Instructions to follow: Repeat each line of the data below exactly, but skip the pictures.

Given material:
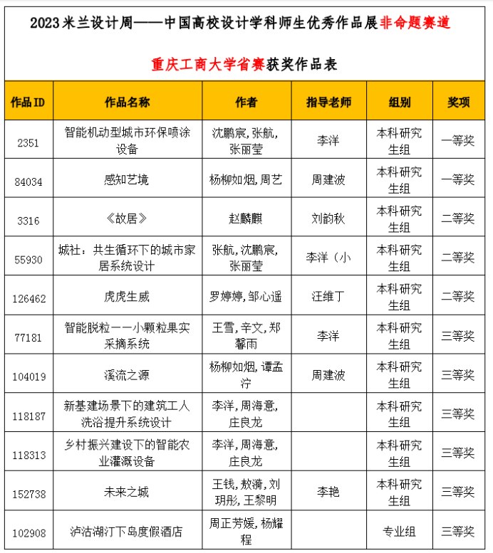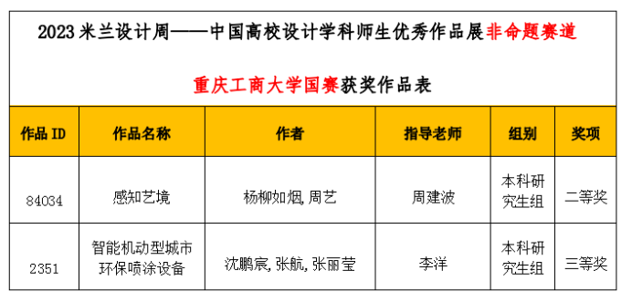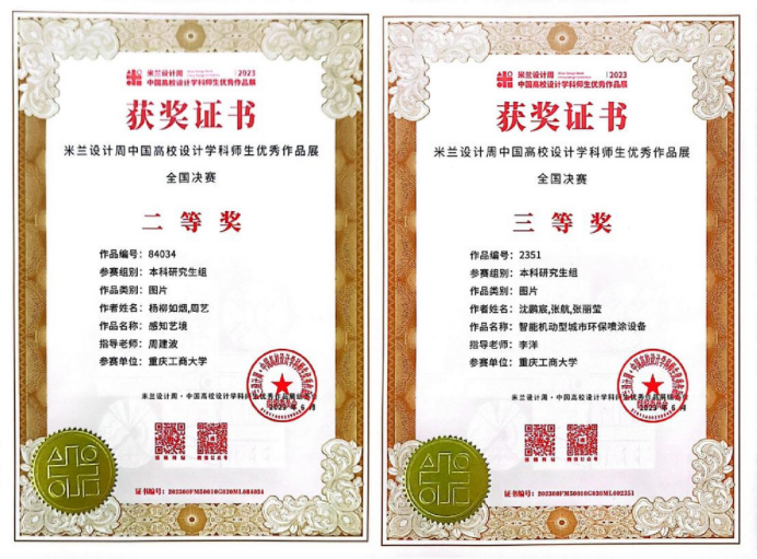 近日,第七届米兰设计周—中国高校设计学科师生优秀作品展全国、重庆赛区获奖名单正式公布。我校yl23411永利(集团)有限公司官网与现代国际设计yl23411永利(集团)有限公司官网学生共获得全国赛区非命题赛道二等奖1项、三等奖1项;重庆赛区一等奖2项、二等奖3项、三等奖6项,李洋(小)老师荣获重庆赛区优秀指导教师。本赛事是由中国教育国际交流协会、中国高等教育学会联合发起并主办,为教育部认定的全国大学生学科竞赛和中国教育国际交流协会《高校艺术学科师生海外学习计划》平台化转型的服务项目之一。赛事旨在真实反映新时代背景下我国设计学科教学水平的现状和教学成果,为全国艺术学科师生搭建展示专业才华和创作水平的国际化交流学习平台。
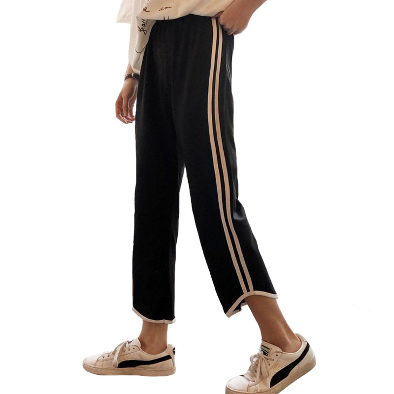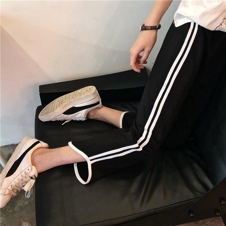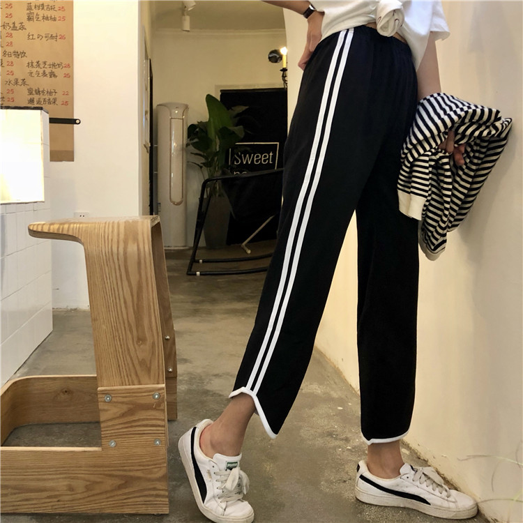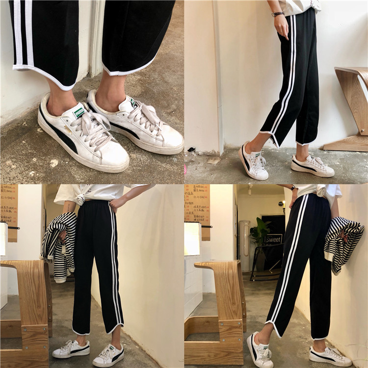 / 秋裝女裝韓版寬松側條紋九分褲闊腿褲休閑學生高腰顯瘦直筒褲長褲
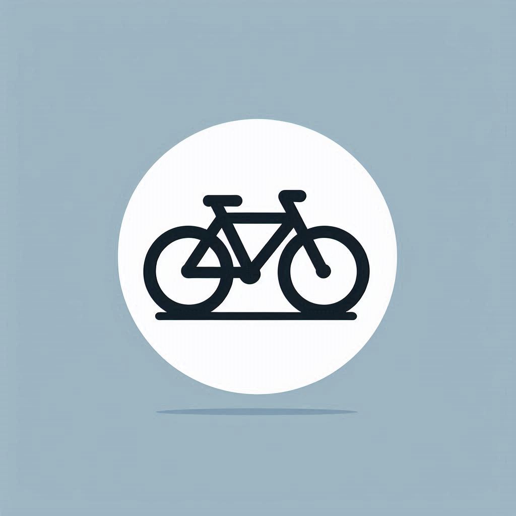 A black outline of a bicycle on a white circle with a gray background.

Result of this exercise:
 近日,第七届米兰设计周—中国高校设计学科师生优秀作品展全国、重庆赛区获奖名单正式公布。我校yl23411永利(集团)有限公司官网与现代国际设计yl23411永利(集团)有限公司官网学生共获得全国赛区非命题赛道二等奖1项、三等奖1项;重庆赛区一等奖2项、二等奖3项、三等奖6项,李洋(小)老师荣获重庆赛区优秀指导教师。本赛事是由中国教育国际交流协会、中国高等教育学会联合发起并主办,为教育部认定的全国大学生学科竞赛和中国教育国际交流协会《高校艺术学科师生海外学习计划》平台化转型的服务项目之一。赛事旨在真实反映新时代背景下我国设计学科教学水平的现状和教学成果,为全国艺术学科师生搭建展示专业才华和创作水平的国际化交流学习平台。
 / 秋裝女裝韓版寬松側條紋九分褲闊腿褲休閑學生高腰顯瘦直筒褲長褲
 A black outline of a bicycle on a white circle with a gray background.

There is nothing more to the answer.